> _TASK DIRECTIONS_: Although pictures appear in the data, the answer should contain only the lines from its start through the line with "2025 Pearson Edexcel", written out exactly.

[Dataset entries]
————

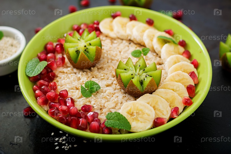 Вкусная и полезная овсяная каша с фруктами, ягодами и льняными семенами
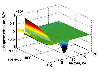 Оптическая вспышка в мезосфере возникает через несколько миллисекунд после положительного разряда облако-земля, иногда на удалении несколько десятков километров по горизонтали от канала молнии. Разряд зажигается на достаточно большой высоте, поскольку порог пробоя воздуха падает с высотой экспоненциально, тогда как амплитуда возмущений электрического поля, возникающих в момент мощных молниевых вспышек облако-земля, уменьшается с высотой гораздо медленнее - по степенному закону, и на высотах примерно 75 км в атмосфере превышает пробойное поле (рис.6).
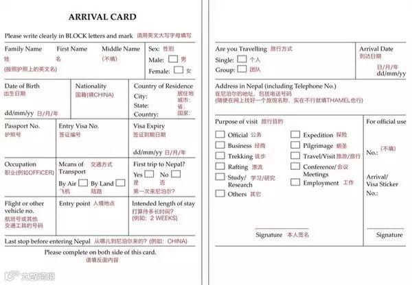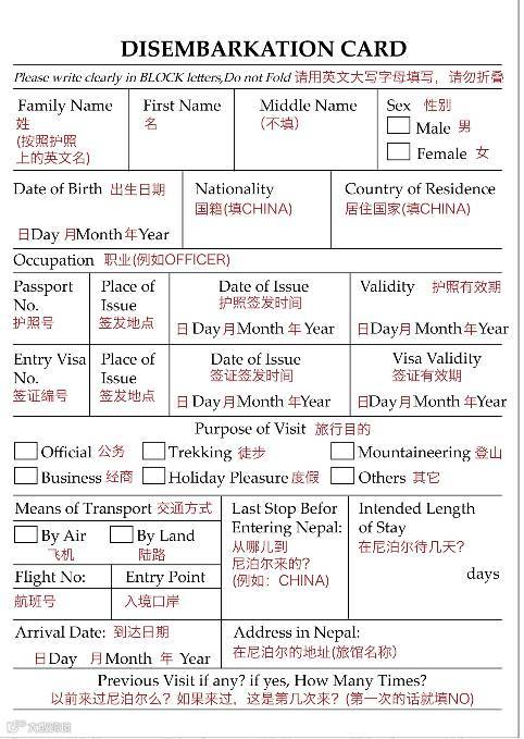 尼泊尔入境卡
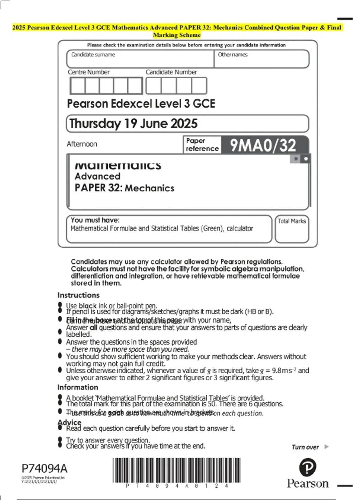 2025 Pearson Edexcel Level 3 GCE Mathematics Advanced PAPER 32: Mechanics Combined Question paper and approved marking scheme
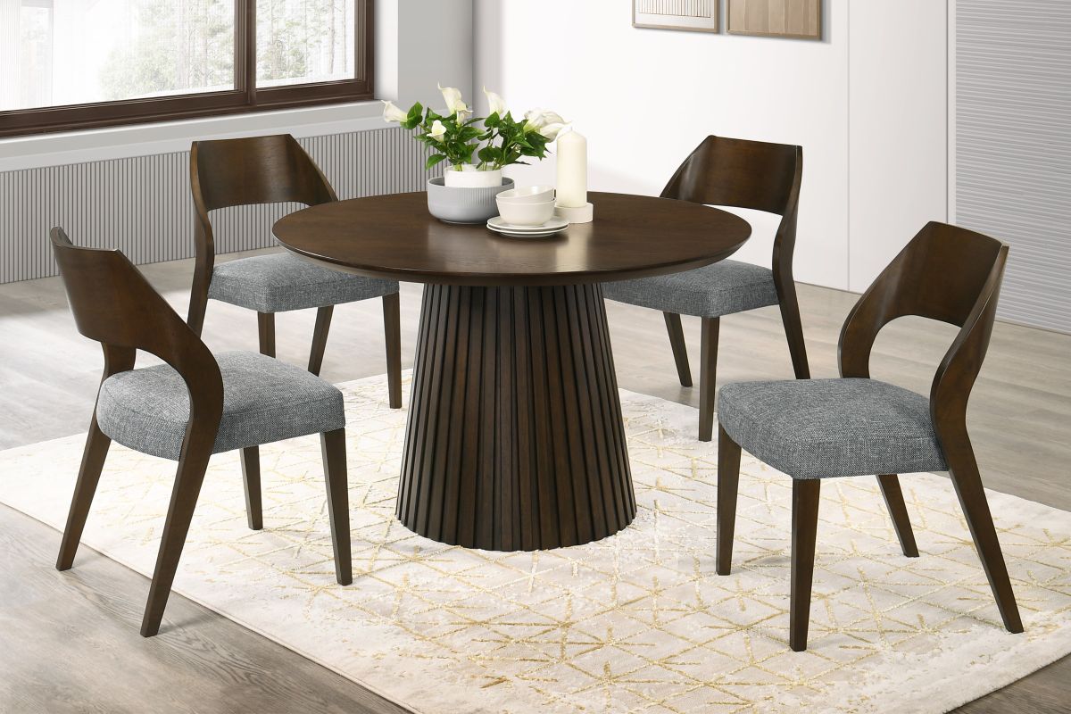 This Revolve Dining set features a modern and stylish design, perfect for a contemporary dining space. The round wooden table has a smooth, circular top with a walnut finish. Its base is a cylindrical structure made of vertical wooden slats, adding a unique textured appearance. The set includes four chairs with a mid-century modern design. They have light grey fabric upholstery on the seat and backrest, which contrasts nicely with the lighter tone of the wooden legs. This combination of natural wood and fabric upholstery offers both style and comfort, making it a great choice for a chic and cozy dining area.

————

> _EXPECTED ANSWER_:
 Вкусная и полезная овсяная каша с фруктами, ягодами и льняными семенами
 Оптическая вспышка в мезосфере возникает через несколько миллисекунд после положительного разряда облако-земля, иногда на удалении несколько десятков километров по горизонтали от канала молнии. Разряд зажигается на достаточно большой высоте, поскольку порог пробоя воздуха падает с высотой экспоненциально, тогда как амплитуда возмущений электрического поля, возникающих в момент мощных молниевых вспышек облако-земля, уменьшается с высотой гораздо медленнее - по степенному закону, и на высотах примерно 75 км в атмосфере превышает пробойное поле (рис.6).
 尼泊尔入境卡
 2025 Pearson Edexcel Level 3 GCE Mathematics Advanced PAPER 32: Mechanics Combined Question paper and approved marking scheme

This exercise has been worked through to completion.